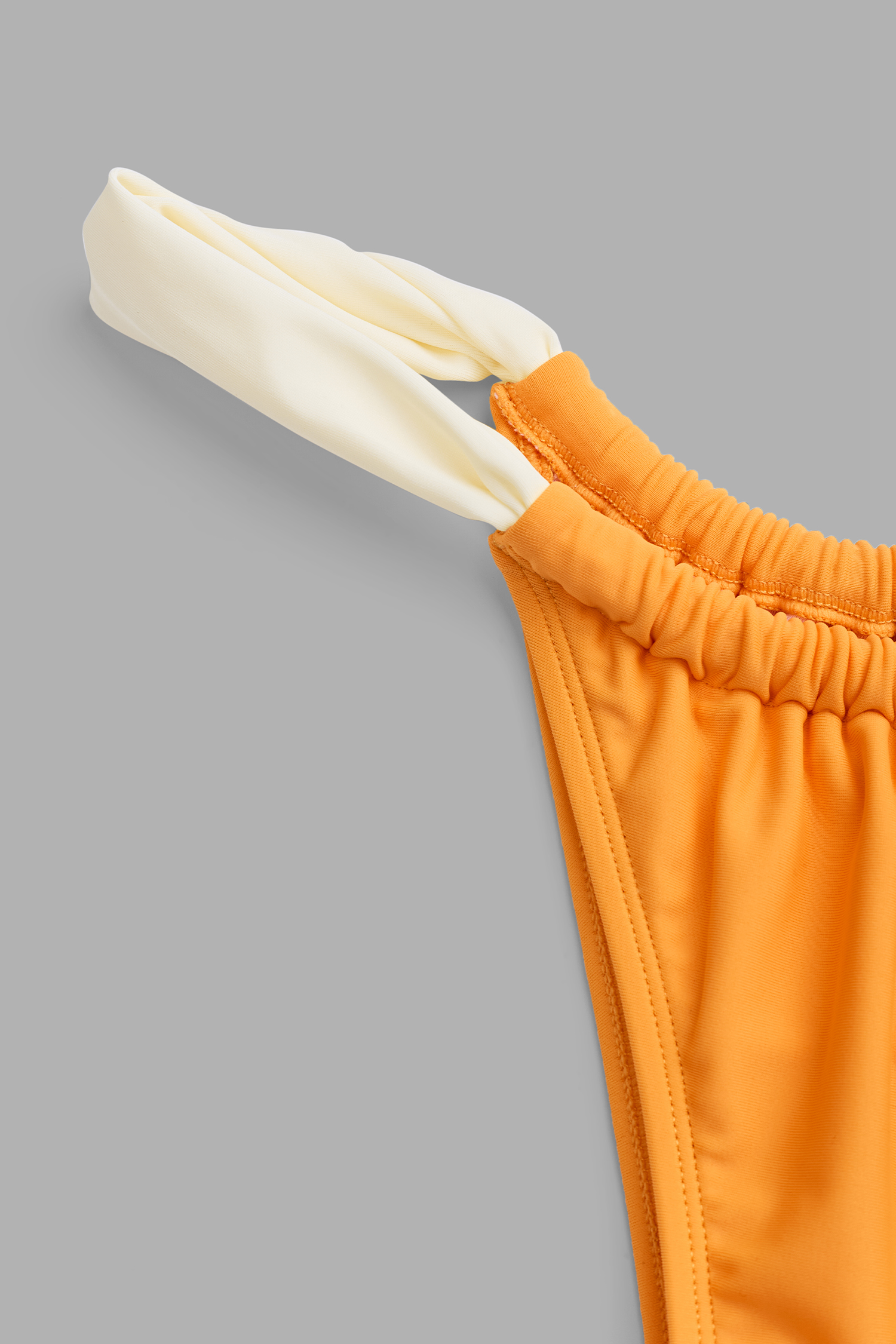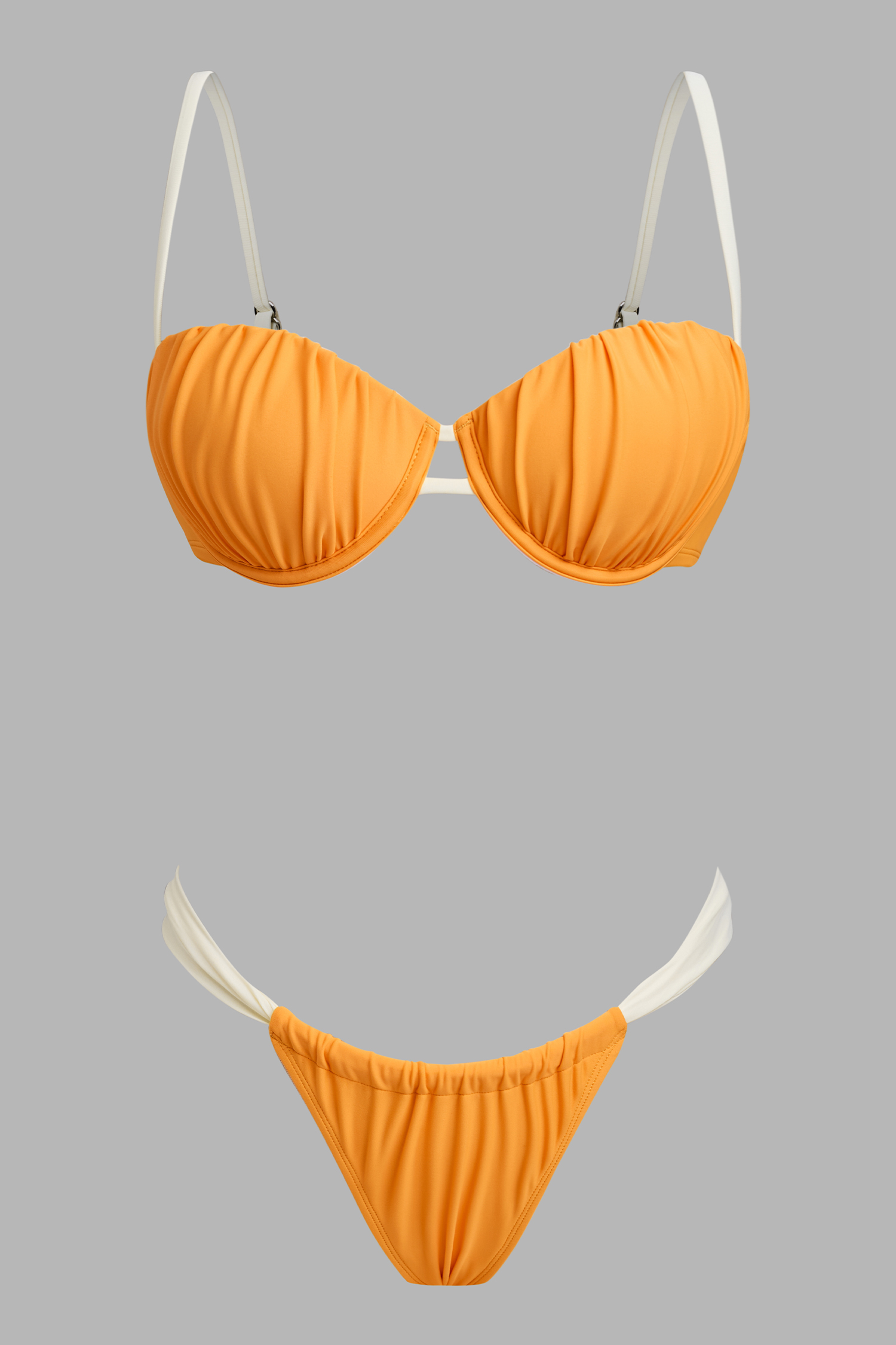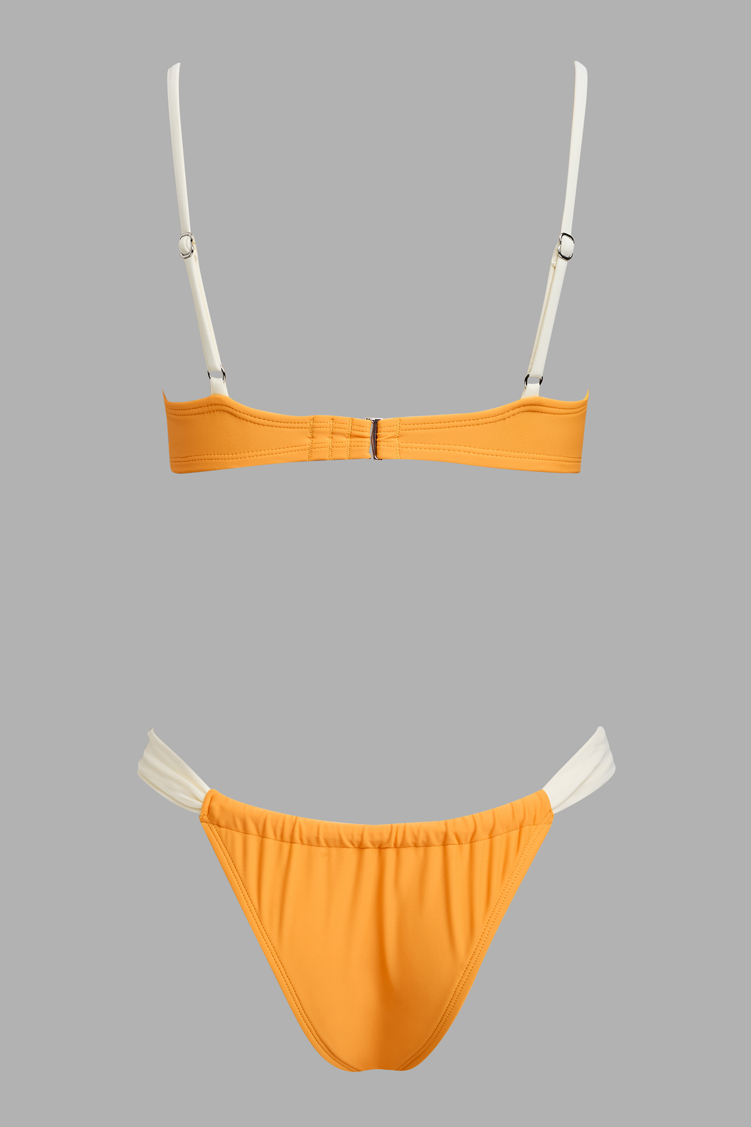 The Orange Gelato Bikini Set brings the sweetness of summer to your wardrobe! With a flattering sweetheart neckline, adjustable straps, and underwire for high bust support, it combines style and comfort. The extra high-cut leg and cheeky bum coverage give this set a bold, modern edge.
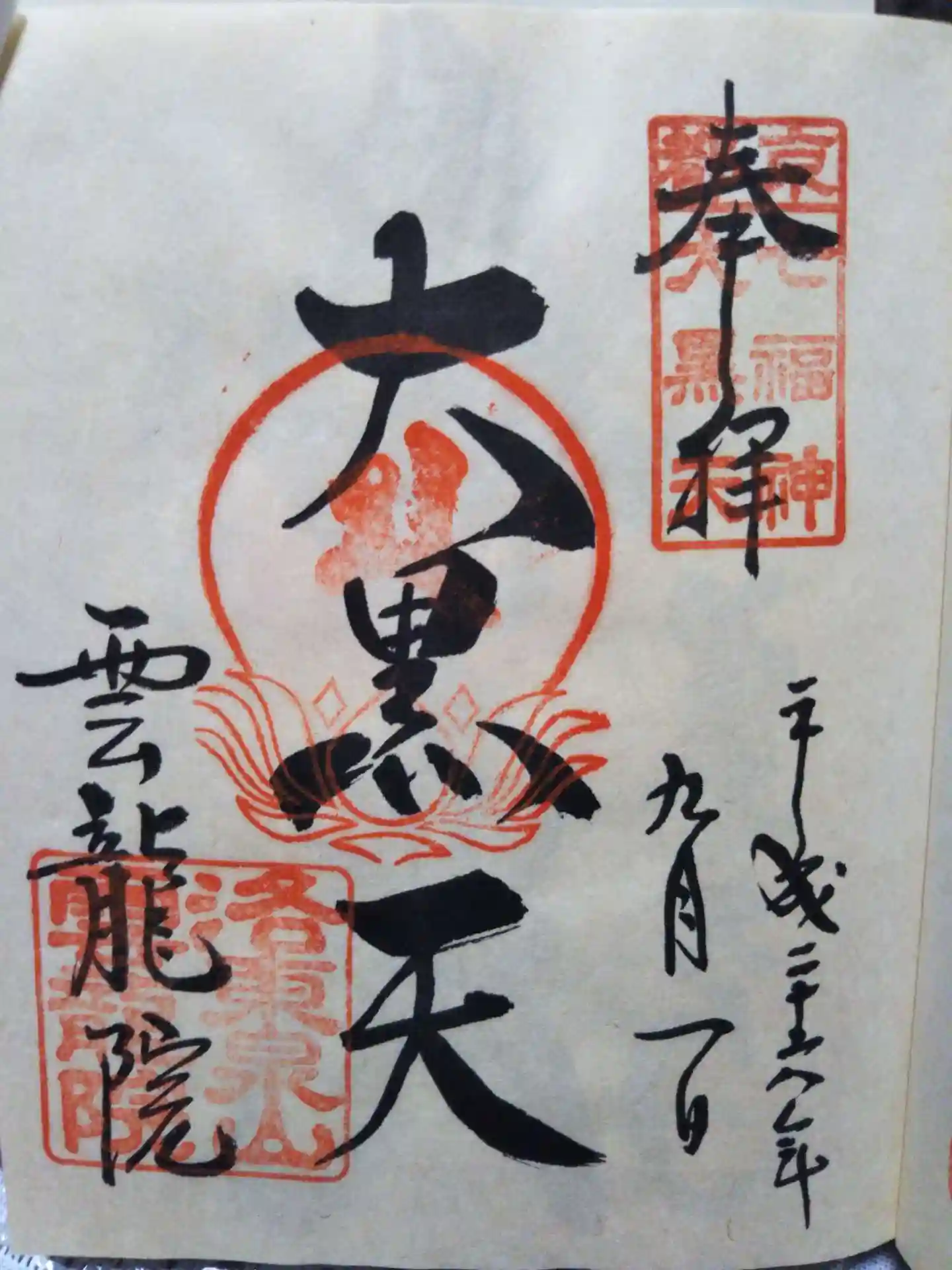 ご本尊は薬師如来様です。訪れると、まずは龍が描かれた屏風が出迎えてくださいます。こじんまりとした、とても落ち着ける寺院です。大内蔵之介の自筆の書を拝見することもできました。皇室縁の寺院らしく庭園には菊の御紋が…。走る大黒様でも知られている雲龍院さん。
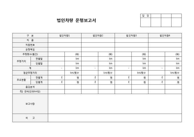 9,000원/월법인차량관리입니다. 차종, 차량번호, 운행책임, 주행횟수 등의 항목으로 구성되어 있습니다. 법인차량의 운행 내역을 보고할 경우 사용할 수 있는 양식입니다.
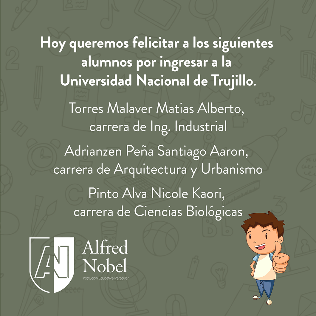 Nos complace comunicar a nuestra familia nobelista y a aprovechar la oportunidad para felicitar a los alumnos ingresantes a la Universidad Nacional de Trujillo.
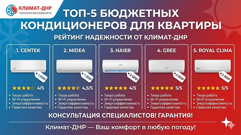 Выбор недорогой сплит-системы — это всегда риск наткнуться на шумный пластик или компрессор, который выйдет из строя через два сезона. Мы в «КЛИМАТ-ДНР» отобрали 5 брендов-гигантов, чьи бюджетные линейки собираются на передовых заводах. Если ваша цель — выгодно купить кондиционер в ДНР, этот рейтинг сэкономит ваше время и деньги.

· · · · · · ·

Omit every picture, then repeat the remaining data exactly as it appears above.

 The Orange Gelato Bikini Set brings the sweetness of summer to your wardrobe! With a flattering sweetheart neckline, adjustable straps, and underwire for high bust support, it combines style and comfort. The extra high-cut leg and cheeky bum coverage give this set a bold, modern edge.
 ご本尊は薬師如来様です。訪れると、まずは龍が描かれた屏風が出迎えてくださいます。こじんまりとした、とても落ち着ける寺院です。大内蔵之介の自筆の書を拝見することもできました。皇室縁の寺院らしく庭園には菊の御紋が…。走る大黒様でも知られている雲龍院さん。
 9,000원/월법인차량관리입니다. 차종, 차량번호, 운행책임, 주행횟수 등의 항목으로 구성되어 있습니다. 법인차량의 운행 내역을 보고할 경우 사용할 수 있는 양식입니다.
 Nos complace comunicar a nuestra familia nobelista y a aprovechar la oportunidad para felicitar a los alumnos ingresantes a la Universidad Nacional de Trujillo.
 Выбор недорогой сплит-системы — это всегда риск наткнуться на шумный пластик или компрессор, который выйдет из строя через два сезона. Мы в «КЛИМАТ-ДНР» отобрали 5 брендов-гигантов, чьи бюджетные линейки собираются на передовых заводах. Если ваша цель — выгодно купить кондиционер в ДНР, этот рейтинг сэкономит ваше время и деньги.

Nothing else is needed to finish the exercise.